News Flash
GENEVA, Aug 28, 2025 (BSS/AFP) - UN rights experts voiced alarm Thursday at
reports of "enforced disappearances" of starving Palestinians seeking food at
distribution sites run by the Gaza Humanitarian Foundation (GHF), urging
Israel to end the "heinous crime".
The seven independent experts said in a joint statement they had received
reports that a number of individuals, including one child, had been "forcibly
disappeared" after going to aid distribution sites in Rafah, southern Gaza.
The GHF said there was "no evidence" of enforced disappearances at its aid
sites.
"Reports of enforced disappearances targeting starving civilians seeking
their basic right to food is not only shocking, but amounts to torture," said
the experts, who are mandated by the UN Human Rights Council, but who do not
speak on behalf of the United Nations itself.

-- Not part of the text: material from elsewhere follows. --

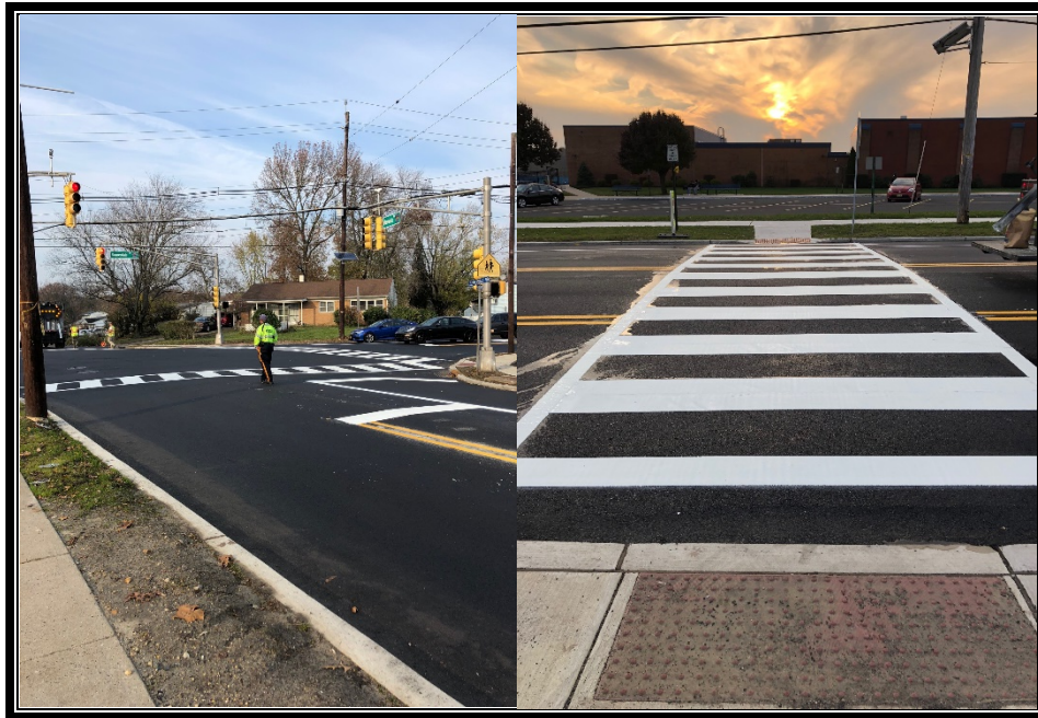
Figure 5: Final striping of Warwick Road.

"Using food as a tool to conduct targeted and mass disappearances needs to
end now."
Israel's military was reportedly "directly involved" in the matter, said the
statement signed by the five members of the UN Working Group on Enforced or
Involuntary Disappearances, along with Francesca Albanese, the UN special
rapporteur on rights in the Palestinian territories, and her counterpart on
the right to food, Michael Fakhri.
Israel's military was "refusing to provide information on the fate and
whereabouts of persons they have deprived of their liberty", in violation of
international law, the statement said.
"The failure to acknowledge deprivation of liberty by state agents and
refusal to acknowledge detention constitute an enforced disappearance."
- 'Heinous crime' -
The UN declared a famine in Gaza governorate last week, blaming "systematic
obstruction" of humanitarian deliveries by Israel.
Israel, which has accused Hamas of looting aid supplied by the UN, imposed a
total blockade on Gaza between March and May.
Once it began easing restrictions, the GHF, a private organisation supported
by Israel and the United States, was established to distribute food aid,
effectively sidelining UN agencies.
The experts pointed to how "aerial bombardment and daily gunfire at and
around the crowded facilities have resulted in mass casualties".
"The Gaza Humanitarian Foundation is obligated to provide secure distribution
sites and has contracted private military security companies to that end,"
they said.
The UN human rights office said last week it had documented that 1,857
Palestinians had been killed while seeking aid since late May, including
1,021 near GHF sites.
Now, the experts warned, "the distribution points pose additional risks for
devastated individuals of being forcibly disappeared".
When asked by AFP about the experts' statement, GHF said: "We operate in a
war zone where serious allegations exist against all parties operating
outside our sites. But inside GHF facilities, there is no evidence of
enforced disappearances."
The experts meanwhile urged Israeli authorities to "put an end to the heinous
crime against an already vulnerable population".